AIP AI4S (AI for Science) Seminar Series
The AIP AI4S (AI for Science) Seminar Series is organized by the RIKEN Center for Advanced Intelligence Project (AIP).
This seminar series features invited researchers presenting recent advances, emerging methodologies, and interdisciplinary applications in AI for Science.
Through this series, we aim to promote cross-disciplinary discussion, foster collaboration, and strengthen the AI for Science research community.
Details of each seminar will be announced individually.

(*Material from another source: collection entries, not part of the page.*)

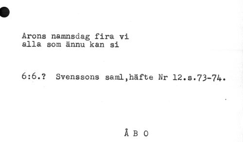 //// Arons namnsdag fira vi //// alla som ännu kan si //// 6:6.? Svenssons saml,häfte Nr 12.s.73-74. //// * ////
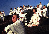 Film critics sometimes make apocalyptic pronouncements about the imminent Death of Cinema. Usually it is some hare-brained, multi-million-dollar action blockbuster from Hollywood that causes this gloomy prognostication. However, over the past few months, it has become strikingly clear which particular sort of film will really spell the end of cinema as we once knew it: insufferable movies about the Meaning of Life like What the Bleep Do We (K)now!? (2004) and Chasing God. This is a modest video production by Melbourne filmmakers, but it was shot all over the world and features a fruity Dawn French on voice-over duty. Surviving its fifty-two minutes certainly gave me an intuition of what Eternity must be like. It is mainly a talking-heads piece, with the heads given pompous titles like The Cardinal (Francis Arinze), The Atheist (Phillip Adams) and the especially nebulous The Researcher (Richard Heinberg). All answer the question: does God exist? And why do we need Him to exist? Two other elements go into the standard mix for films like this. Firstly, selections from the same image-bank raided by all movies in the dire Koyaanisqatsi (1983) tradition: nuclear explosions, Nazi rallies, the teeming metropolis, etc. Secondly, supposedly timeless and universal poetic images: flowers blooming, bells ringing, water streaming. But this film, like What the Bleep, adds a third element: an outright bit of fiction, or at least some television-style 'dramatic re-enactment'. Memorable moments in this vein include a violent, disturbed fellow drawing a gun in a public place, and a fanatical suicide bomber preparing to press the button as indifferent commuters stream by. To be fair, Chasing God might be bearable as filler on an episode of the religious program Compass on Australian Sunday night television, or as a discussion-starter in a secondary school classroom. Even in those contexts, however, I would advise the filmmakers to lose the final, inadvertently spooky montage of all its participants looking soulfully into the camera lens. © Adrian Martin August 2005 |
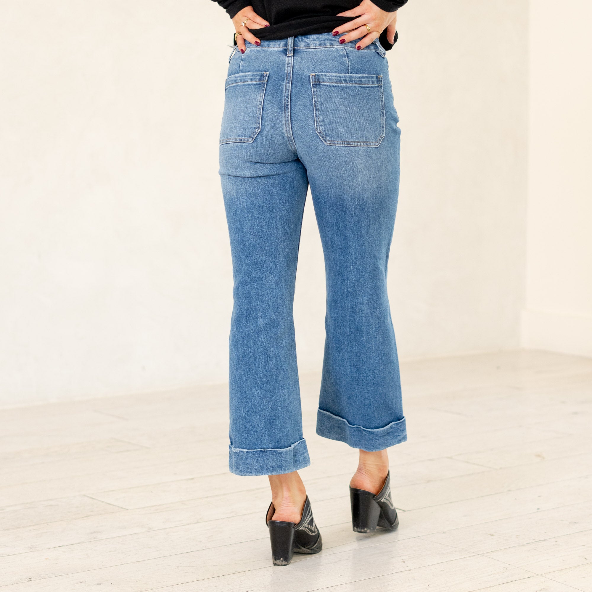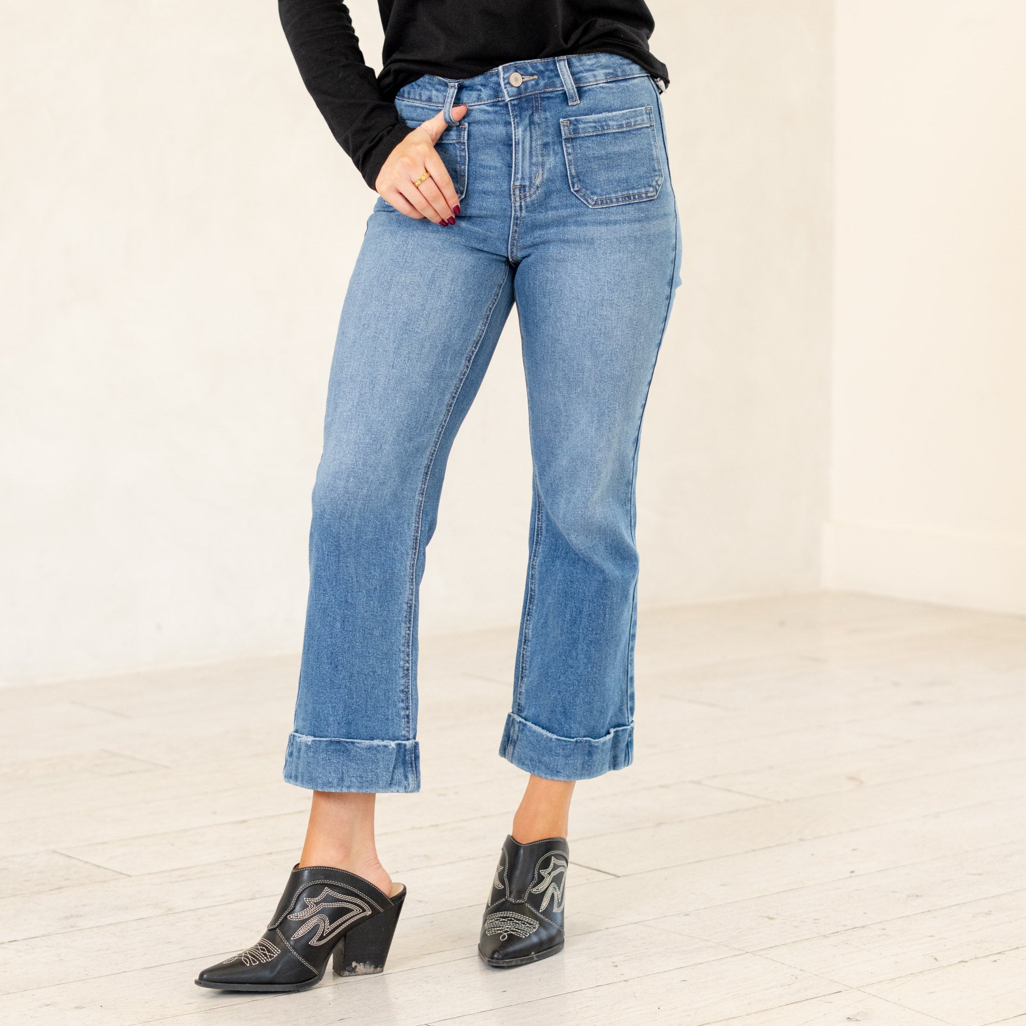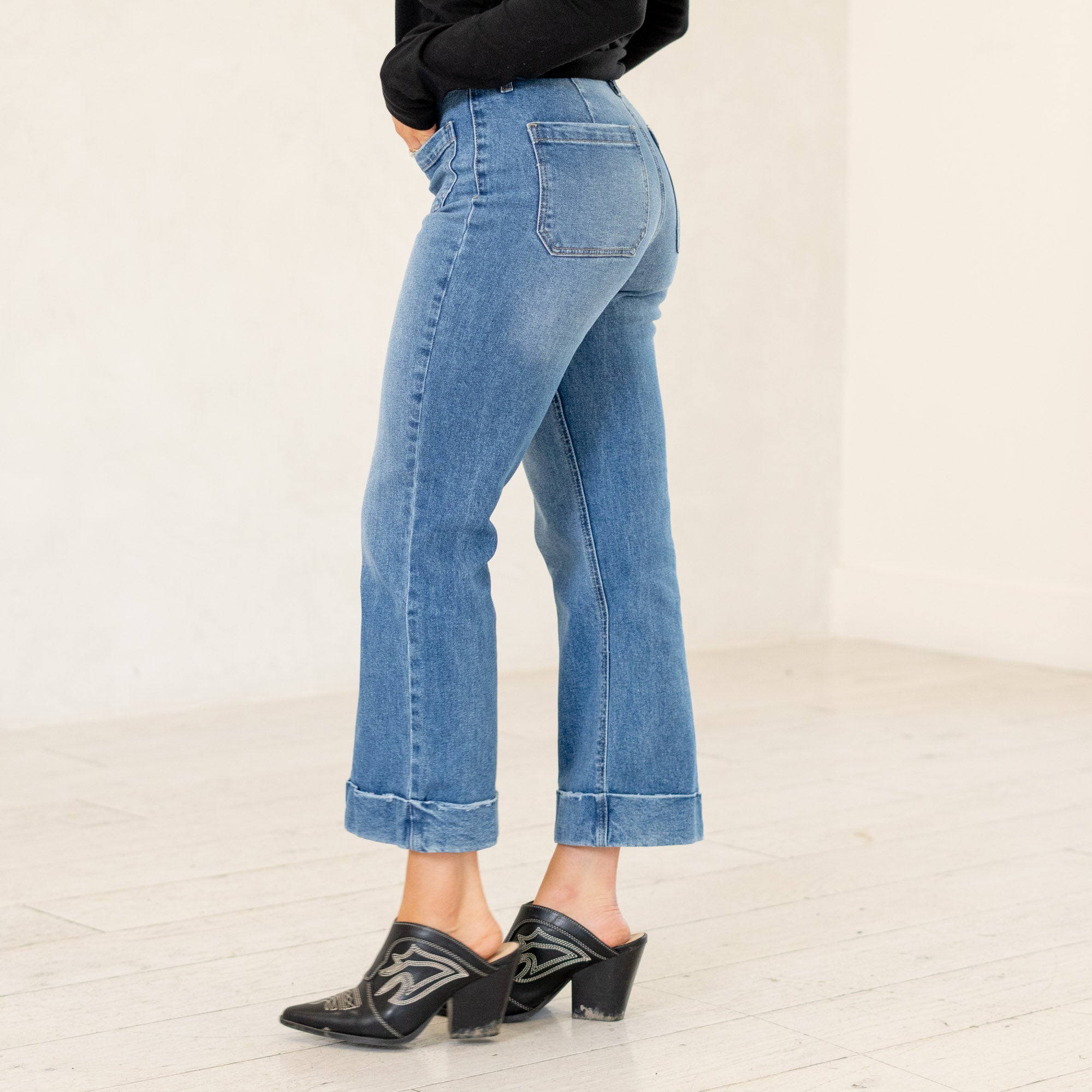 Say hello to your new off-duty favorite. The Angelina Cropped Flare Jeans come in a soft light wash and offer a flattering high rise that relaxes through the leg before kicking out at the hem. With front patch pockets, a 2" single fold, and a laid-back silhouette, this style brings major cool-girl energy. Whether you pair them with sneakers or heels, these jeans were made to stand out while keeping it effortless.

Date & Time: 4:15pm-5:15pm (JST), March 18, 2026
Venue: Hybrid (In-person + Online)
Please note that in-person attendance is limited to AIP researchers.*
Speaker: Masaaki Imaizumi
Affiliation: Associate Professor, University of Tokyo / Team Director, High-Dimensional Structure Theory Team, RIKEN AIP
Title: Physics for AI: Dynamics of neural network learning and transformer inference
Abstract:
This talk introduces several analysis on dynamics of AI architecture: the learning dynamics of neural networks and the inference dynamics of transformers. These analysis leverages the recent development of physics-oriented theory for neural networks. While neural networks exhibit complex dynamics in many aspects, employing the high-dimensional limit to reduce it to the dynamics of element distributions enables effective analysis. The first topic describes several approaches for analyzing the training dynamics of deep neural networks, followed by an estimation of generalization error estimation and multi time-scales for feature unlearning. The second topic explains the research background of representing transformer inference using nonlinear dynamical models with coupled oscillators, and analyzes the mechanism by which this model induces degeneracy. By extending these studies, we discuss the prospect of advancing the fundamental understanding of deep learning and artificial intelligence by applying knowledge from physics.